Las investigaciones sobre políticas fiscales señalan que esos mensajes catastrofistas que urgen a rebajar ya los impuestos, porque son excesivamente elevados, no se corresponden con la realidad. Un pistoletazo de salida de esta tesis se produjo a partir de la década de 1980; pero ese reguero sigue permanente en los 2000. El gran referente que se sigue teniendo es Estados Unidos: se nos dice que con Reagan se bajaron los impuestos –y que ello generó mayor crecimiento…al tiempo que déficits presupuestarios y comerciales–; pero que, a pesar de esto, la tributación debería contraerse todavía más. De hecho, la reforma tributaria de Trump, en 2018, fue en esa línea. Partidos de derechas y ultraderechas en Europa aplauden esa iniciativa.

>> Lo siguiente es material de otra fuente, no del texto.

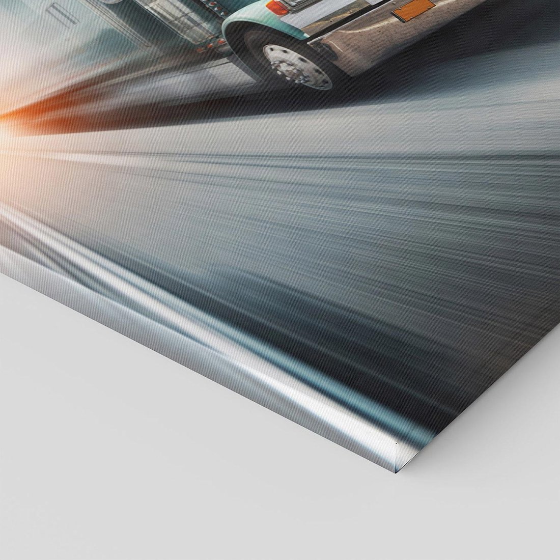 Dynamiczny obraz na płótnie przedstawiający ciężarówkę w amerykańskim stylu, pędzącą przez pustkowia zachodnich Stanów Zjednoczonych. Wiatr w włosach, wolność na horyzoncie - ta kompozycja przynosi dawkę energii i przygody. Doskonały wybór dla fanów motoryzacji i amerykańskiego stylu życia.

            En Estados Unidos –insistimos: el señuelo para los que abogan por el recorte de tributos–, el relato económico-fiscal más reciente se puede telegrafiar así, en función de la novedosa investigación de Emmanuel Saez y Gabriel Zucman (The triumph of injustice. How the rich dodge taxes and how to make them pay, Penguin, Nueva York, 2021): hacia 1970, los estadounidenses más ricos pagaron en impuestos más del 50% de sus ingresos; esto duplicaba lo que devengaba en impuestos la clase trabajadora. Pero en 2018, tras la reforma de Trump –el modelo que, rubricamos de nuevo, siguen los partidos conservadores europeos–, los multimillonarios norteamericanos pagaron mucho menos que obreros, docentes, investigadores y jubilados. La conclusión es tremenda, palmaria: los ricos están viendo retroceder los impuestos que pagan a los mismos niveles de la década de 1910, cuando el Estado tenía una cuarta parte del tamaño actual. En paralelo, la clase trabajadora paga más impuestos: del 3% de sus ingresos en 1950, al 15% en la actualidad. La confiscación se halla aquí.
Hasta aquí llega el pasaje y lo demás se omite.